Trump Suing IRS, Treasury for $10 Billion; Bessent Says Payout Would Come From Public Funds

President Donald Trump is suing the Internal Revenue Service (IRS) and the U.S. Department of the Treasury for $10 billion over the leak of his tax returns that occurred during his first term in office.

On Thursday, Treasury Secretary Scott Bessent confirmed at a Senate hearing that if Trump were to prevail, the payout would come from Treasury’s general funds, meaning U.S. taxpayers would ultimately shoulder the cost.

The case carries a layer of irony. Trump has long criticized the IRS as bloated and abusive, and at times floated replacing it with what he called the External Revenue Service. Yet his lawsuit now seeks one of the largest civil payouts in American history from that very agency.

Another twist is political — and in no way excuses the disgraced agency’s failures. As candidate, Trump repeatedly pledged to release his tax return, saying audits were the only barrier. He never did so voluntarily. Now the legal battle centers on returns that became public through a criminal leak rather than a political decision.

The Case

Donald Trump, Donald Trump Jr., Eric Trump, and the Trump Organization filed a complaint in federal court in Miami in late January against the IRS and its parent department, the U.S. Department of the Treasury.

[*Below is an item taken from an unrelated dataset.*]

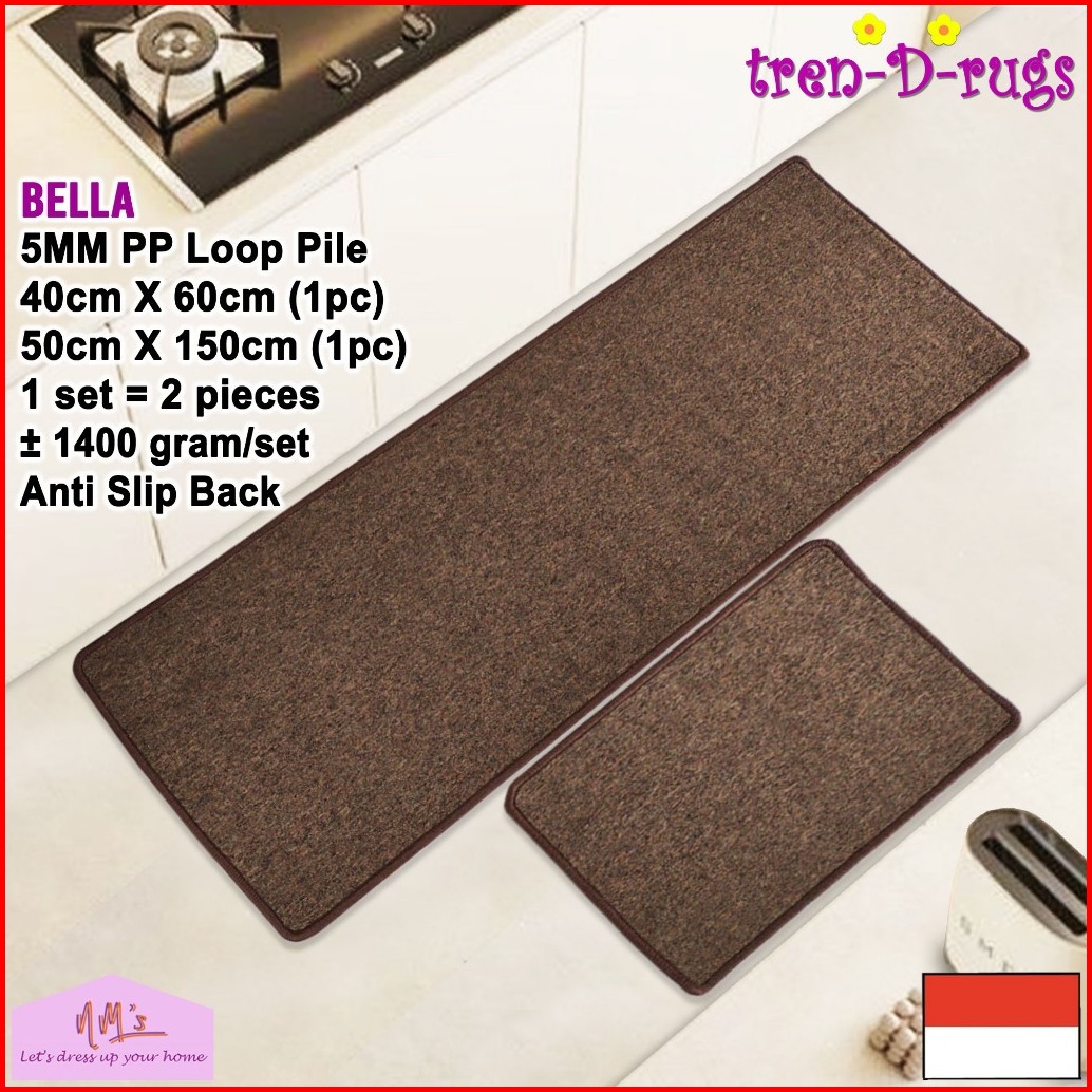 Tren-d-rugs Keset Kaki Polos Lantai Dapur Panjang Lorong Runner Kitchen Mat Anti Slip 1 Set Isi 2pcs - Nms

Their core argument is straightforward: The federal government had a legal duty to safeguard their tax returns and related financial data. They say that duty arises under federal tax secrecy law, 26 U.S.C. § 6103, and under the Privacy Act. According to the complaint, those protections broke down in a major way.

The case centers on Charles “Chaz” Littlejohn, an IRS contractor who later pleaded guilty to unlawfully accessing and disclosing confidential tax information. In January 2024, he was sentenced to five years in prison.

Trump and the other plaintiffs argue the IRS is legally responsible because Littlejohn operated within IRS systems and under IRS authority. In their view, this was not an outside hack but a failure of internal controls.

The lawsuit states that Trump family members and hundreds of Trump-related business entities later received formal IRS notices about unauthorized disclosures. The complaint treats each disclosure, and each subsequent spread of the information, as a separate violation, forming the basis for a damages claim of at least $10 billion.

Security Failures

A central theme of the lawsuit is systemic weakness, not just one individual’s crime.

The complaint points to repeated warnings from the Treasury Inspector General for Tax Administration about IRS data security gaps. It argues those warnings were not fully addressed. According to the filing, those weaknesses allowed Littlejohn to move tax data outside IRS systems.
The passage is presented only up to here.